Using the listing below, copy exactly each line from the one that has "1128. 1954. 2" through the one that has "Stream & download"; omit the pictures.

__Excerpted records__
※ ※ ※
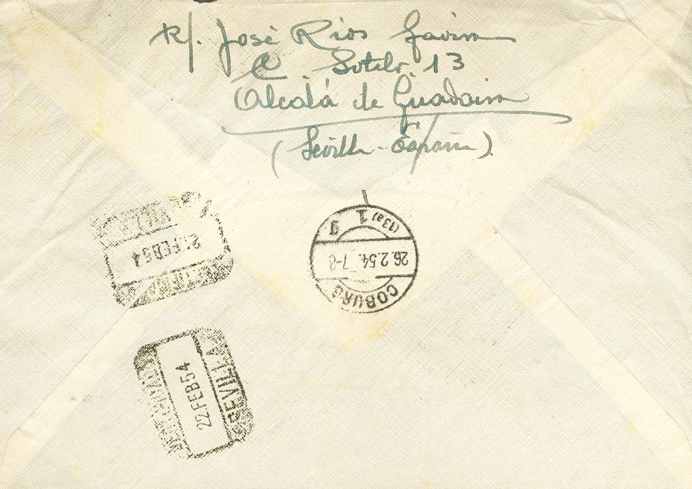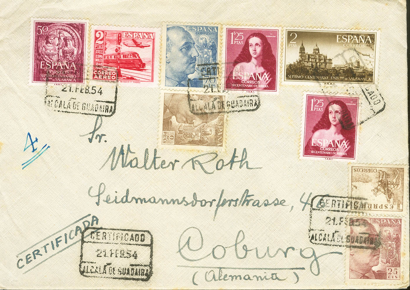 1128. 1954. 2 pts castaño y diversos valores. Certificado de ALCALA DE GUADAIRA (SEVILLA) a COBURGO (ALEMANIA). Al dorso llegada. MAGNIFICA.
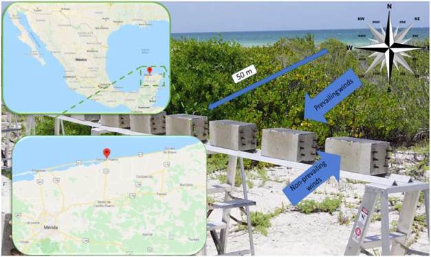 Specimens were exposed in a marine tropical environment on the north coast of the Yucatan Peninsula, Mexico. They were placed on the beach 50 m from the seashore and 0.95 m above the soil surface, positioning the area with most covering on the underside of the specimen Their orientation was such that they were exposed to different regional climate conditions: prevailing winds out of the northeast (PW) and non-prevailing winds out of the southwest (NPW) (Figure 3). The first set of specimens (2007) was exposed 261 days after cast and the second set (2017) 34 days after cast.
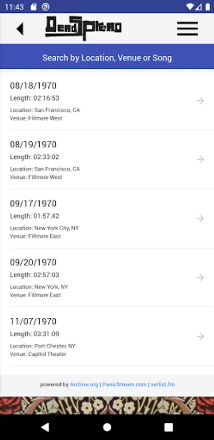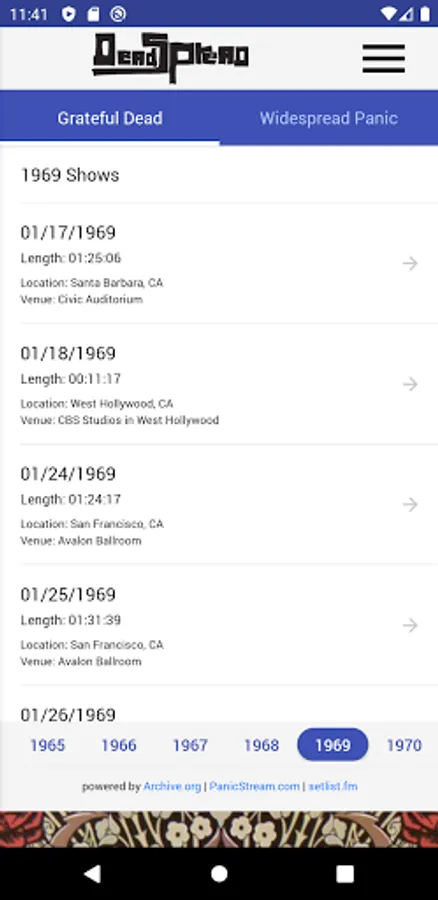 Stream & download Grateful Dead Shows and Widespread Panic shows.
※ ※ ※
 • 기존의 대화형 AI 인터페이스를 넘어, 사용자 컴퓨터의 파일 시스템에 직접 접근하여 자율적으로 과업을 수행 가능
※ ※ ※
__Finished exercise__
 1128. 1954. 2 pts castaño y diversos valores. Certificado de ALCALA DE GUADAIRA (SEVILLA) a COBURGO (ALEMANIA). Al dorso llegada. MAGNIFICA.
 Specimens were exposed in a marine tropical environment on the north coast of the Yucatan Peninsula, Mexico. They were placed on the beach 50 m from the seashore and 0.95 m above the soil surface, positioning the area with most covering on the underside of the specimen Their orientation was such that they were exposed to different regional climate conditions: prevailing winds out of the northeast (PW) and non-prevailing winds out of the southwest (NPW) (Figure 3). The first set of specimens (2007) was exposed 261 days after cast and the second set (2017) 34 days after cast.
 Stream & download Grateful Dead Shows and Widespread Panic shows.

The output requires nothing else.